At 2 hours, 38.6%, 37.7% and 27.8% of patients in the 50 mg, 100 mg, and placebo groups had freedom from the most bothersome symptom respectively.
At 48 hours post initial dose in ACHIEVE I, 12.9% of participants (n = 185) reported an AE. Within 30 days of any dose, the number of patients who reported an AE rose to 26.3% (n = 378). Among patients treated with 100 mg, 28.7% reported an AE, most of the 3 groups.
The most common adverse events during the trial were nausea (n = 44), somnolence (n = 20), and dry mouth (n = 16). In total, 5 patients across the 3 groups experienced a serious adverse event, though none were recorded within 48 hours after the first dose.
C. David Nicholson, PhD, Chief Research and Development Officer, Allergan, said in a statement that the oral administration at 2 doses "allows for treatment flexibility and relief when a migraine attack occurs. As we continue to drive innovation in migraine treatment, we are very proud to offer patients another option, and we are confident that it will make a difference for those in need. At Allergan, we believe that migraine patients deserve access to all new medications for this debilitating disease."4
ACHIEVE II showed that compared to placebo, treatment with the oral CGRP antagonist resulted in significant rates of pain freedom at 2 hours for both doses assessed (50 mg, P = .01; 25 mg, P = .03) as well as significant rates of freedom from the most bothersome symptom with the higher dose (50 mg, P = .01). the phase 3 study included 1465 patients randomized to either ubrogepant 50 mg (n = 562), 25 mg (n = 561), or placebo (n = 563).5
At 2 hours post-dose, pain-freedom was reported by 21.8% (101 of 464 patients; odds ratio [OR], 1.62 [95% CI, 1.14—2.29) of those in the 50-mg group, 20.7% (90 of 435; OR, 1.56 [95% CI, 1.09–2.22) in the 25-mg group, compared to only 14.3% (65 of 456) in the placebo group.
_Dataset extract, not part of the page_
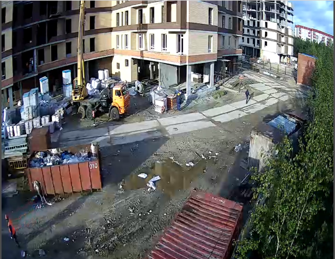 Работает кран, автокран, производится завоз и подъем строительного материала.
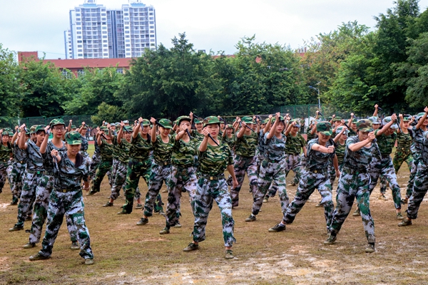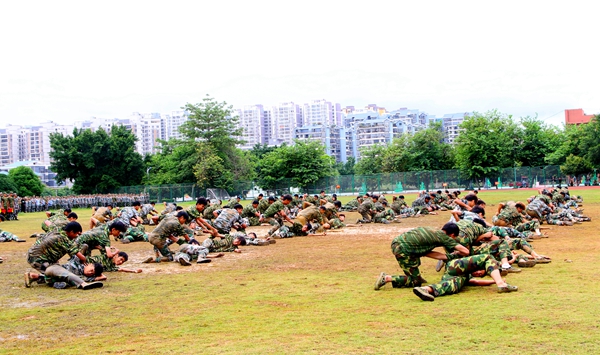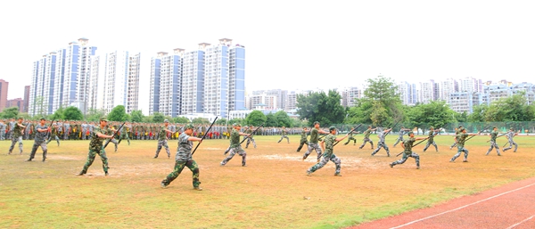 緊接著,激動人心的棍術(shù)、擒敵拳、匕首操、手語操、作戰(zhàn)戰(zhàn)術(shù)等軍事訓練項目在觀眾的期待中火熱上演,同學們矯健的身姿,高亢嘹亮的口號、整齊劃一的動作,充分展示了他們的意氣風發(fā)和壯志豪情,充分展現(xiàn)了他們經(jīng)過軍訓洗禮后的喜人收獲與成果。

The absolute difference between the 25-mg group and placebo was 6.4% (95% CI, 1.5–11.5) and between the 50-mg group and placebo was 7.5% (95% CI, 2.6–12.5).
Likewise, at 2 hours post-dose, the absence of the most bothersome symptoms—photophobia, phonophobia, and nausea—was reported by 38.9% (180 of 463; OR, 1.65 [95% CI, 1.25—2.20]) of the 50-mg group for an absolute difference from placebo of 11.5% (95% CI, 5.4–17.5). For the 25-mg group, absence of the symptom was reported by 34.1% (148 of 434; OR, 1.37 [95% CI, 1.02–1.83), for an absolute difference of 6.7% (95% CI, 0.6–12.7; P = .07).
The safety population of ACHIEVE II included 488 patients who took ≥1 dose of 50-mg ubrogepant, 478 who took ≥1 dose of 25-mg ubrogepant, and 499 who took ≥1 dose of placebo. In total, Treatment-emergent AEs were reported within 48 hours of the initial or optional second dose by 12.9% (63 of 488) of the 50-mg group, 9.2% (44 of 478) of the 25-mg group, and 10.2% (51 of 499) of the placebo group.
The most common adverse events within 2 days of any dose were nausea (50mg: 10 of 488 [2.0%]; 25mg: 12 of 478 [2.5%]; placebo: 10 of 499 [2.0%]) and dizziness (50mg: 7 of 488 [1.4%]; 25mg: 10 of 478 [2.1%]; placebo: 8 of 499 [1.6%]).